Inchiesta bis sul finanziere in servizio a Lecce: è caccia all’archivio segreto

La Dda di Milano non era la sola a indagare su Giuliano Schiano, il maresciallo della guardia di finanza in servizio alla Dia di Lecce, accusato di aver effettuato la maggior parte degli accessi abusivi per la rete dell’Equalize, specializzata in dossieraggio.

L’altra inchiesta

Da alcuni mesi un’altra Procura italiana stava conducendo un’inchiesta parallela, sulla quale viene mantenuto al momento il massimo riserbo, ma che riguarderebbe lo stesso tipo di reato contestatogli nell’indagine milanese. Anzi, i due fascicoli di inchiesta si incrocerebbero. Secondo quanto ricostruito nel secondo fascicolo, Schiano sarebbe entrato nello Sdi, usando sempre lo stesso numero di procedimento (realmente esistente), digitato come “facciata” per dare informazioni ai suoi interlocutori lombardi, ma per soddisfare ben altre richieste, provenienti per la maggior parte dei casi da clienti del mondo dell’imprenditoria. Proprio nelle scorse ore, i due fascicoli sarebbero stati inviati a Milano per la riunione.

Il riscontro nelle carte

Una circostanza che emerge anche dalle carte milanesi, dalle migliaia di intercettazioni che costituiscono l’ossatura dell’indagine, e in particolare da un dialogo tra l’imprenditore reggiano 38enne Giulio Cornelli (ai domiciliari) e l’esperto consulente informatico Samuele Calamucci (anche lui ai domiciliari): “Io ho un dubbio… te l’ho detto che lui prima lavorava per uno lì di Lecce che… con cui era amico… che è il motivo per cui l’ho conosciuto … secondo me a ottobre 2021 c’era…». I due nomi passati al microscopio dell’appendice salentina sono quelli di imprenditori di Como, ma all’Equalize non dicono nulla: Calamucci chiede “Tu hai idea di chi può averglielo chiesto?” e Cornelli risponde affermativamente ma aggiunge che si informerà meglio: “Io ho un dubbio che te l’ho detto, quello lì… però non lo so, dopo glielo voglio chiedere meglio, perché lui secondo, perché anche lui c ‘ha un archivio e secondo me se lo ricorda!’)”.

I controlli

Un altro aspetto sul quale si stanno concentrando ora gli investigatori è quello relativo all’elevato grado di libertà con cui Schiano operava. Vogliono, in sostanza, capire come mai nessuno si sia accorto dell’attività parallela, e illecita, che svolgeva da parecchio tempo. Il dubbio è che altri fossero a conoscenza del dossieraggio sistematico, ma che lo avrebbero coperto. Maresciallo da un paio d’anni, dopo aver superato un concorso interno, era passato alla Dia di Lecce dal comando provinciale, su richiesta esplicita di un suo superiore, che lo avrebbe voluto con sé. I suoi compiti, attività illecita a parte, non erano operativi ma piuttosto logistici, impiegato come autista o in ufficio. Avrebbe avuto, in sostanza, parecchio tempo libero ma poche motivazioni per entrare nel data base di tutte le forze dell’ordine nazionali.
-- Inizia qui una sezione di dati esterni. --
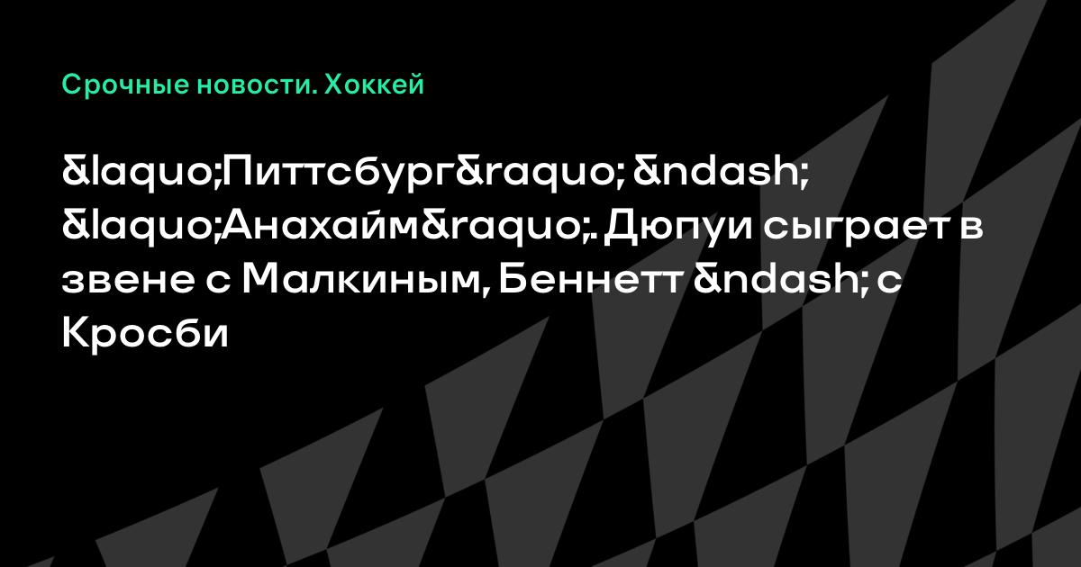 «Питтсбург» – «Анахайм». Дюпуи сыграет в звене с Малкиным, Беннетт – с Кросби

Un’abitudine ormai radicata nel tempo, se si considera che gli accessi monitorati dai carabinieri del Nucleo investigativo di Varese risalgono negli anni e sono molteplici. Lo stesso Calamucci, registrano le microspie dei carabinieri mentre ne parla con Cornelli, è preoccupato: “Sì, sì, so, è per capire!”, “No, anche perché, prima che magari fa… come si dice? Pesca da più serbatoi e allora non va bene con… la politica nostra!”. Per questo, riportano gli atti, Cornelli a febbraio prende un treno per Lecce per parlare de visu con il maresciallo Schiano e capire se il loro sistema fosse blindato.